# Does ink jet heat transfer resemble screen printed shirts



## Wendy1961 (Jan 18, 2015)

I bought an oki thinking I could heat press and my shirt would resemble screen printing. That machine drove me crazy. Paper was jammed and I couldn't get the right paper. Boxed it up and sent it back. Ordered a ricoh ink jet. I wondering about the quality of shirt this printer will give me. Please help and thanks in advance.


----------



## valleyboy_1 (Jan 23, 2010)

No. Screen printed transfers are the only heat transfers that resembled screen printing. Vinyl transfers are a close second. Inkjet transfers are cool for certain markets, but not necessarily considered professional by most printers.
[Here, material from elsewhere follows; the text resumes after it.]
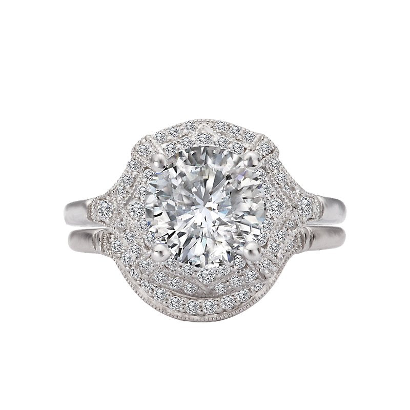Indulge in the timeless elegance of this Orbelle 14K white gold semi-mount engagement ring. The exquisite design features a double halo of round white diamonds and delicate milgrain details, creating a captivating frame for the 8.2mm round diamond center stone. With a total diamond weight of 1/4 carat, this ring exudes sophistication and Orbelle, making it the perfect choice for a memorable proposal. Elevate your love story with this stunning halo ring that symbolizes eternal commitment and enduring beauty.
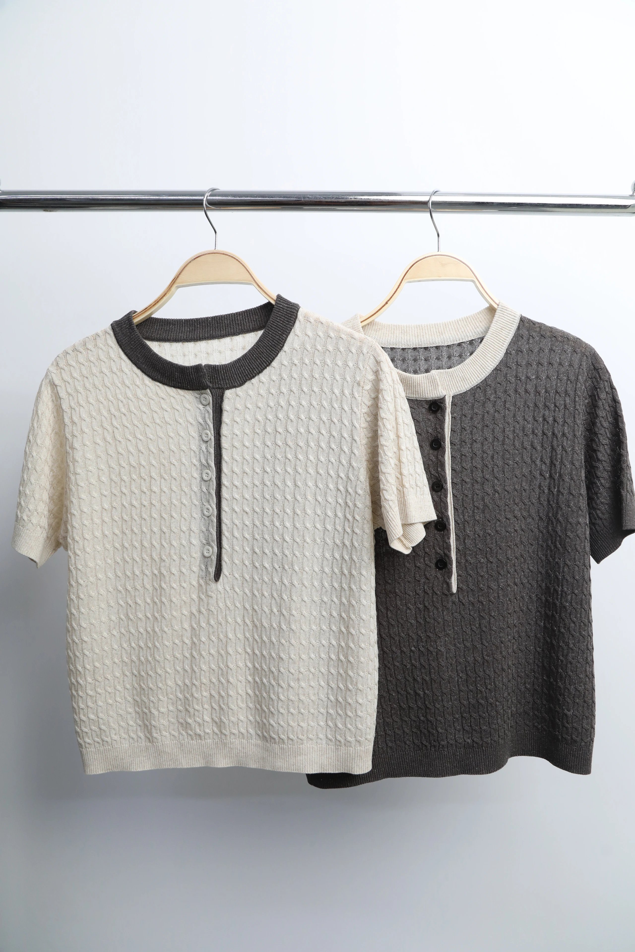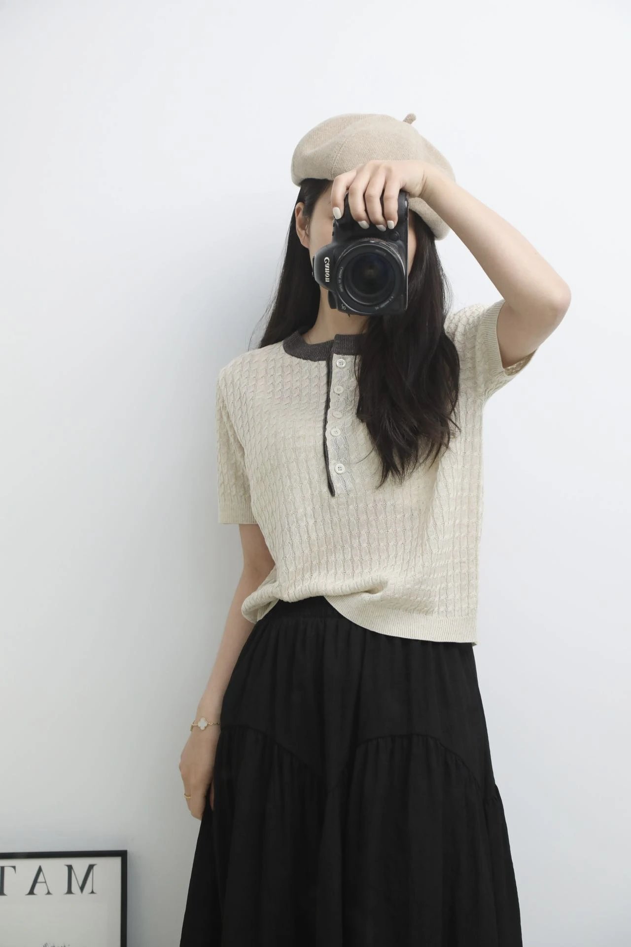 独家限量发售⚠️L*Piana御用天丝亚麻混纺料❗️定制绞花针织短袖!上身有种随性慵懒的感觉❗️

But if you are looking for something that resembles screen printing, you should consider Plasitols transfers.


----------



## proworlded (Oct 3, 2006)

Totally agree with Valdez. Howver, I think an Epson with pigment inks will give you better results.


----------



## Wendy1961 (Jan 18, 2015)

What about a Ricoh with gel ink. I have a ricoh to sublimate with but was thinking of purchasing one to heat transfer with. I like the pictures that a ricoh produces


----------



## proworlded (Oct 3, 2006)

I think that most experienced printers on the forum would recommend an Epson. Their inks are very high quality.


----------